And to be completely truthful here, I am still awaiting some truths.

This is when my search for my birth parents changed direction. I had no idea the tru circumstances of my coming into being. The truth I found out was only revealed after I did some basic leg work and kept requesting information. So, my truth I  found out when I reached out to the adoption records department through the NYS Health Department. Much of it was general, no history on the parents. Commonly referred to as ‘non-identifying’ information. They sent me my file and it read read ‘released due to neglect.’ Also in it was a corresponding police report ID #; I had a mission ahead of me.

The next step took some time, but I was able to obtain the original police report. It would be up to me to continue to find any of my identifying information. To utilize what was available. DNA, at that time, was financially out of my reach. I hit the pavement. I tried to connect with the police officers in the report, I searched newspaper microfiche. From there I found the correlating news story. The car belonged to a middle aged woman named Josephine.

hitchhiker

Small world, or my world which is actually 4 degrees and not 6 degrees of separation; my partners / SO’s 2nd cousin actually held me  while waiting for the police to come and get me when I was found that fateful day 53+ years ago. But the ‘coincidences don’t end there.  

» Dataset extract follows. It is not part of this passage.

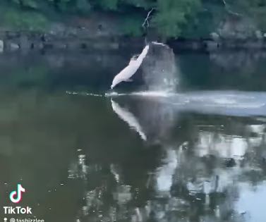 A video posted to Facebook shows the dolphin jumping around near the Norwich Marina, about 15 miles from Long Island Sound.

As chance would have it, a friend of mine went to high school with Josephine’s daughter. This helped with facilitating a meet and greet.  I was fortunate enough to meet Josephine, and her daughter, in the flesh.  I don’t think she was able to see me as anything other other than the adult that stood in front of her. She couldn’t fathom I was that infant that was left alone with literally nothing but the clothes on my back, a blanket and a religious medal.  In Josephine’s aged years, she questioned me; why did you leave that baby in the car. I really was unable to answer her.

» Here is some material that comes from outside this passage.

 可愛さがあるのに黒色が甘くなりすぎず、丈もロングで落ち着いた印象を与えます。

My whole life I knew I was adopted, but the story I was raised with was quite different from the truth. It seems that is a common theme, the truth evading me. From my parents [adoptive ones, the ones that earned the right to be called parents], trying to protect me to the current situation. But here, I don’t think ‘Linda’ [birth mother] is trying to protect anyone but herself. 

I reflect on so many things now. It is with a different perspective. Now I look at it as a mother.  I also look at it as lost sister, lost daughter, lost granddaughter, lost niece, lost cousin, and lost aunt. Overall, that is OK because I did not want for any of those relationships.

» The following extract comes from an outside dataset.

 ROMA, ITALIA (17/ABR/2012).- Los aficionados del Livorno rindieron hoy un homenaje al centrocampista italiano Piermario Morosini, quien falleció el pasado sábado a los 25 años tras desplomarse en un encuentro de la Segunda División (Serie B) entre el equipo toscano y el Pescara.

Random thoughts that seem to plague my waking hours:

  • The hardest thing for me now is still wondering what the exact truth is.
  • To some it might seem trivial, but I have never known what my actual birth date is since they guesstimated my birth as 12 / 24 hours before I was found. 
  • What is it that led ‘Linda’  to that fateful decision?
  • What was going on in her head.
  • All these years, she never tried to find me.
  • This secret was best left a skeleton in her closet. But the truth is rearing it’s head.

Not looking for justice; none if this is about that. The crime itself has long passed its’ statue of limitations. Answers, truthful answers to just some of those plaguing thoughts. 

For some time after I found out the truth I was pretty unhappy that this truth, my truth, was always kept at bay. But then it occurred to me my adoptive parents, the family that made all the sacrifices to raise me; were just trying to protect me and possibly put a better spin on my birth parents.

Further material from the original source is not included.